Set up your neural network (machine learning model):

```
from keras.layers.core import Dense
from keras.models import Sequential
from keras.optimizers import SGD

num_hidden_nodes = 10
model = Sequential()
model.add(Dense(num_hidden_nodes, input_dim=num_tags, activation="relu"))
model.add(Dense(num_categories, activation="softmax"))

model.compile(
    loss="categorical_crossentropy", optimizer=SGD(momentum=0.0), metrics=["accuracy"]
)
```

Train the model and evaluate the validation accuracy each epoch:
```
history = model.fit(
    training_input_vectors,
    training_target_vectors,
    epochs=50,
    validation_data=(validation_input_vectors, validation_target_vectors),
)
```

A perfect validation loss would be 0, and a perfect validation accuracy would be 1 (or 100 %).

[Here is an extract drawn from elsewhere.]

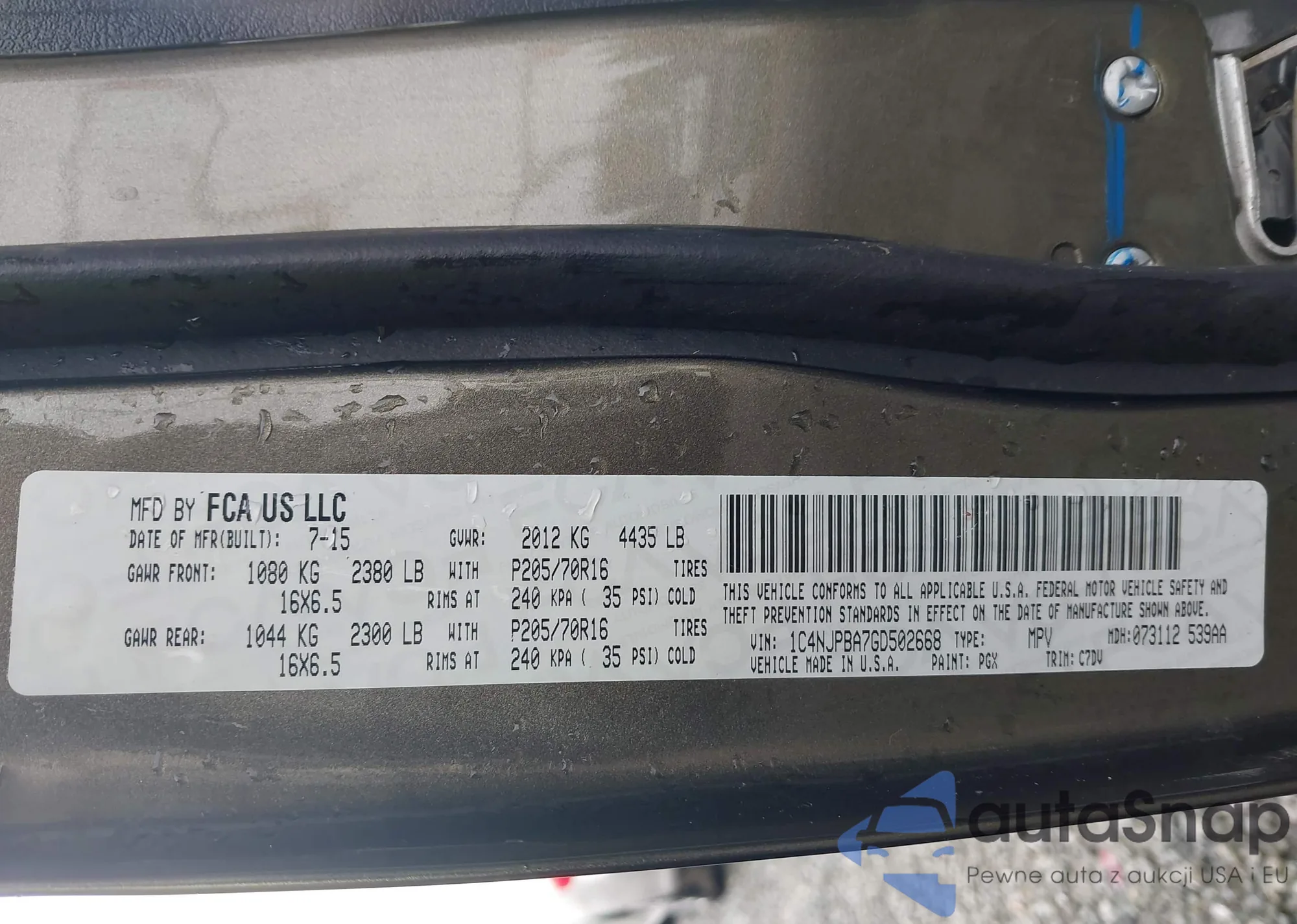 Samochód Jeep Liberty (Patriot) 2016 (VIN 1C4NJPBA7GD502668) ma dokumenty uniemożliwiające rejestrację. Mogą pojawić się trudności przy eksporcie i rejestracji. Skontaktuj się z ekspertami AutaSnap w celu znalezienia alternatywy.

Was the validation accuracy bad? Try to tweak the following parameters and see how much you can improve the validation accuracy (you should be able to exceed 90 % accuracy):

* `momentum` (keep it somewhere between 0 and 0.99)
* `epochs` (keep it somewhere between 20 and 500)
* `num_hidden_nodes` (keep it somewhere between 3 and 20)

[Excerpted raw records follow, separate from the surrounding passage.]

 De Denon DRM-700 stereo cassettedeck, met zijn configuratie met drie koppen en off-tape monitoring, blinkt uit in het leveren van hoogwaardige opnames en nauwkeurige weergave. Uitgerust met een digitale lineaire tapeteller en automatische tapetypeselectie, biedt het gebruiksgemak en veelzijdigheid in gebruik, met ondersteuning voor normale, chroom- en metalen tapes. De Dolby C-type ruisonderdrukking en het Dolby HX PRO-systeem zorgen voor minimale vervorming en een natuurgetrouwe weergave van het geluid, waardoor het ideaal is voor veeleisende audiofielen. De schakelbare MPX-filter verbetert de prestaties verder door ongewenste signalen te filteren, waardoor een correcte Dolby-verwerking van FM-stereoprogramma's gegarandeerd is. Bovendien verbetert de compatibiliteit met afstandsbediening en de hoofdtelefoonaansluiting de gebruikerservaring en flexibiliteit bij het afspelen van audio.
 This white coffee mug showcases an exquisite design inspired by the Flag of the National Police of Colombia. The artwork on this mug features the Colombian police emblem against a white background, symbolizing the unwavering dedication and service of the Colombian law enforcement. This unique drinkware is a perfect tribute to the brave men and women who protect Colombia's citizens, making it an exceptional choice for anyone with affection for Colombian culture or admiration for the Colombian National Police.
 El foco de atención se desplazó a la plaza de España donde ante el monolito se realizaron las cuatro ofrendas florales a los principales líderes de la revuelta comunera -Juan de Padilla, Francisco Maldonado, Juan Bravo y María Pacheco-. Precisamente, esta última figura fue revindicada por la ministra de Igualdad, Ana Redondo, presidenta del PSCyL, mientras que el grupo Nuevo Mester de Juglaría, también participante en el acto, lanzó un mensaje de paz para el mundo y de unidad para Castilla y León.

Here's an example of how we can get a prediction from the model, and compare it with the ground truth:

```
print("The last video (in the validation set):")
pprint.pprint(videos[-1])

# model.predict expects a list of examples (a 2D numpy array)
# We will put only one example in our list of examples
output_vectors = model.predict(np.array([input_vectors[-1]]))
output_vector = output_vectors[0]

print("Output vector: {}".format(str(output_vector)))
print("Target vector: {}".format(str(target_vectors[-1])))
```

It may print something like this:

```
The last video (in the validation set):
{'relevant_topics': ['/m/0bzvm2'],
 'tags': [],
 'target_category_id': 3,
 'title': "PTL Presents: Dyrus' Dome",
 'topics': ['/m/0x1_g_7']}
Output vector: [0.4169381  0.20512761 0.3779343 ]
Target vector: [0 0 1]
```

If the model was wrong, why do you think it failed? What can you do to make your model more robust in this case? Discuss with other people.

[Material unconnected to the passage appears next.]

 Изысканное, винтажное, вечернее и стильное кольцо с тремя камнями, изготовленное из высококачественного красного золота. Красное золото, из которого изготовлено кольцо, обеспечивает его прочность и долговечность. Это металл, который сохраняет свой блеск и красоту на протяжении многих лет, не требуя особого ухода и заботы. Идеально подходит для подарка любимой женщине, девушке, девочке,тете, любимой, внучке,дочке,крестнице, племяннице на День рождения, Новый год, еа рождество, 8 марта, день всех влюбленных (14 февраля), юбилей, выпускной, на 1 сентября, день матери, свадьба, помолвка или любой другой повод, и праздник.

# Log metrics and store machine learning model in MFLux.ai

Four different metrics are calculated each epoch: `acc`, `loss`, `val_acc` and `val_loss`. Let's
log those four metric series and store the final model in MFlux.ai. This can be done with MLflow's
experimental automatic integration with Keras. Insert the following snippet in your script,
somewhere _before_ `history = model.fit(`:

```python
import mlflow.keras
import mflux_ai

# Note: in the following line, insert the project token shown on your dashboard page.
mflux_ai.init("your_project_token_goes_here")

mlflow.keras.autolog()
```

`mlflow.keras.autolog()` performs one HTTP request against the MLflow server after each epoch,
and this introduces an overhead that is on the order of 0.25 seconds per epoch. If you are
looking to speed up the logging, check ouf the
[guide on how to log batches of metrics using the MLflow API](../log-batch/), which explains how
to significantly reduce this overhead.

# Check your tracking UI

Go to [https://www.mflux.ai/dashboard/](https://www.mflux.ai/dashboard/) and open your tracking UI.
Click your run, and you should see this, among other things (numbers may vary):

![Aggregated metrics](aggregated_metrics.png)

If you click one of those metrics, you'll see the whole series for that metric, like this:

![Validation accuracy series plot](validation_accuracy_plot.png)

# Things to do after you finish the tutorial

* Tweak the parameters of the neural network model. For example, change the number of hidden nodes.
* Try to add [dropout](https://keras.io/layers/core/#dropout) to the input layer, and tweak the `rate` parameter
* Try to disregard all tags that occur only once in the dataset. This will result in a smaller input vector.
* Play around with simple neural network architectures here: https://playground.tensorflow.org/
* Include information from `topics` and `relevant_topics` in the input vector. You can use the same technique as you used for tags.
* Include information from `title` in the input vector. Here is an example of how you can deal with this:
    * Split the title into words
    * Remove punctuation, whitespace and perhaps numbers
    * Perhaps remove words that appear only once in the dataset?
    * Apply TF-IDF (look this up on the internet)

This tutorial is open source, if you have suggestions for how this tutorial can be improved, you are welcome to propose a change.